Wat betekent “afweging”? Maakt de levenseindebegeleider een afweging en beslist die over het al dan niet toekennen van het euthanasieverzoek? Het gaat om zelfbeschikking en daarbij mag geen sprake zijn van een betuttelende afweging door anderen. In de toelichting staat: Aan het einde van dit proces, nadat de oudere en de levenseindebegeleider tot een gezamenlijk besluit zijn gekomen rond de stervenswens en is voldaan aan alle zorgvuldigheidseisen… etc.”. Gezamenlijk? Wie besluit uiteindelijk? Stel de levenseindebegeleider besluit geen euthanasie en de oudere die niet voor niets euthanasie vraagt, wil dat wel?

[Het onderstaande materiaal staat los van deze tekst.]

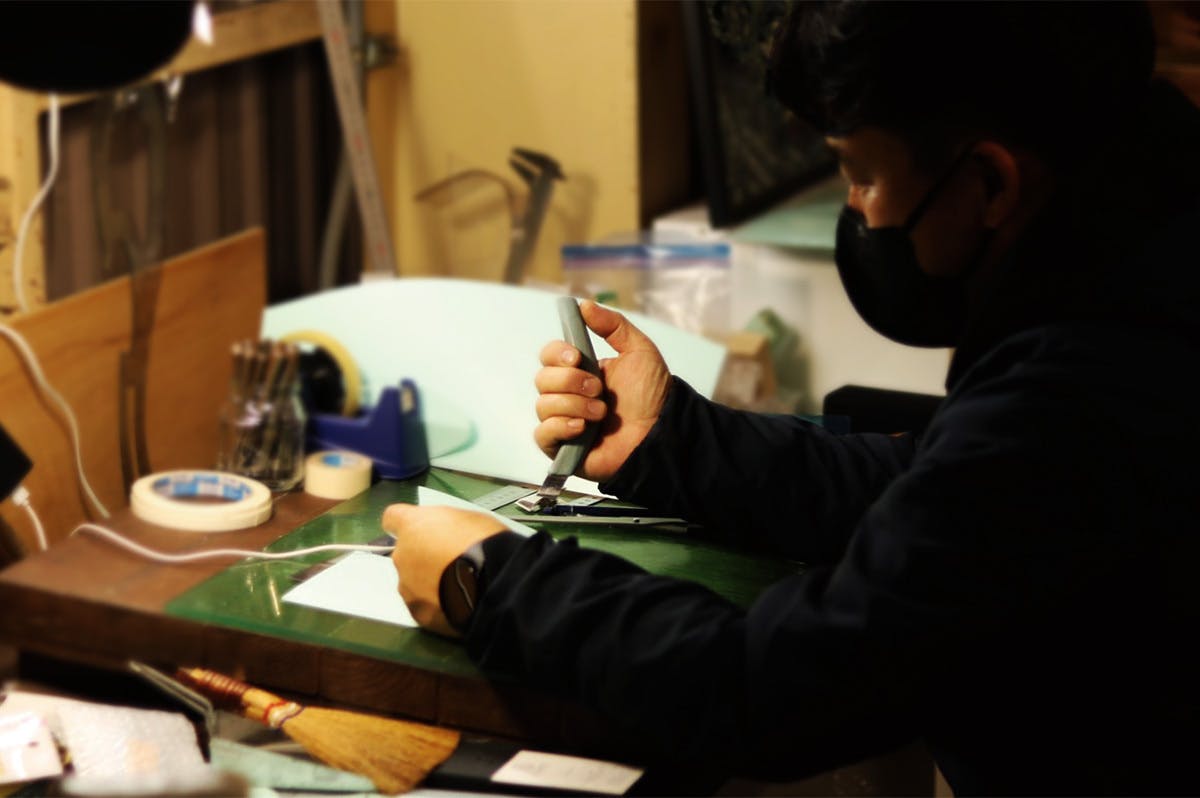 工場には普段大切に使われている道具や機械が沢山あり、そのどれもがオーラを纏っているようでした。特に職人さんが使う革包丁の柄の部分は、職人自らが手で削り、手に馴染ませた革包丁で作業を行っていました。こういった所は工場に行かなければ絶対に見れない光景です。

Dan gaat de euthanasie niet door en is er geen zelfbeschikking.

  1. De levenseindebegeleider moet uitleggen hoe hulp bij zelfdoding volgens deze wet werkt.

Niet alleen de wet moet worden toegelicht, maar ook het toedieningsproces en het stervensproces. 

  1. De oudere is 75 jaar of ouder.

Het is logischer uit te gaan van de volwassen leeftijd van 18 jaar. Immers: dan mag je stemmen, auto rijden, alcohol drinken, een huis kopen, een gezin stichten, etc. en dus ook beschikken over je sterven.

  1. De oudere is Nederlander (of woont hier al minimaal 2 jaar legaal).

Is dit een eis om euthanasietoerisme te voorkomen (zoals nu naar Zwitserland)? Waarom vallen illegalen buiten de boot?

          10. De oudere spreekt ook met een onafhankelijke levenseindebegeleider die ook kijkt of iemand voldoet aan de zorgvuldigheidseisen. Deze onafhankelijke levenseindebegeleider adviseert de eerdere levenseindebegeleider hierover.

De rol van de tweede levenseindebegeleider is onduidelijk. Wat valt er voor de tweede levenseindebegeleider te controleren, nadat de onafhankelijke en professionele eerste levenseindebegeleider de objectieve eisen 2 t/m 9 heeft vastgesteld? Hoe lang duurt dat controletraject?

Graag bedanken wij Prof. Dr. Y. Poortinga voor het bestuderen van de WVL en voor zijn commentaar.